During the last years, the genetic etiology of an increasing number of inborn errors of immunity (IEIs) has been elucidated, establishing unequivocal diagnoses and enabling accurate genetic counseling. However, genetic heterogeneity of most IEIs is high and patients frequently had to be assessed for more than one gene, anyway remaining without a disease-causing genotype. Next Generation Sequencing (NGS) allows evaluation of a large number of genes at the same time on several patients in parallel.
According to our previous data from “the Sanger era”, the lowest diagnostic yield occurred in those patients displaying immune dysregulation diseases (with 9 genes evaluated), autoinflammatory disorders (3 genes analyzed) or defects in innate immunity (4 different genes). Since 2017, our patients with these clinical phenotypes can take advantage of a custom panel of up to 333 genes.

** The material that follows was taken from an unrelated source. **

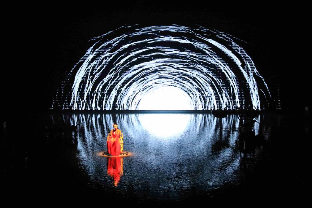 36扇高大的雕花木門輕啟,演員曼妙起舞;舞台上光影變幻,不時落下層層水簾……“太震撼了!”觀眾(zhong) 們(men) 不約而同發出感歎。
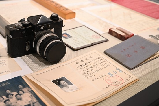 中国人民大学博物馆常设展览“尺翰之美——中国传统家书展”,此展品为1956级新闻系校友的采访相机、毕业证、家书等。中国人民大学供图

From our cohort of 292 index cases referred for molecular studies by NGS custom gene panels, we performed a retrospective evaluation aiming to examine how many of them reached a definite or highly probable diagnosis of IEI.
Twenty-eight percent of them (80/292) achieved a confirmed or highly probable genetic etiology. According to IEIs categories diseases of immune dysregulation attained 28% (30/107) of these diagnoses, autoinflammatory disorders 19% (12/63) and defects in innate immunity 5% (2/38). It is also important to note that for instance in patients with suspected immune dysregulation by increasing to 51 the number of genes simultaneously analyzed, highly probable pathogenic variants in 17 unique genes could be revealed.
Beyond the number of confirmed diagnoses, NGS dramatically reduced the response time, important for an accurate disease management by increasing at the same time gene analysis scope.
In addition to family segregation studies that took into account the type of inheritance involved, functional studies had to be incorporated to confirm the pathogenicity of some variants.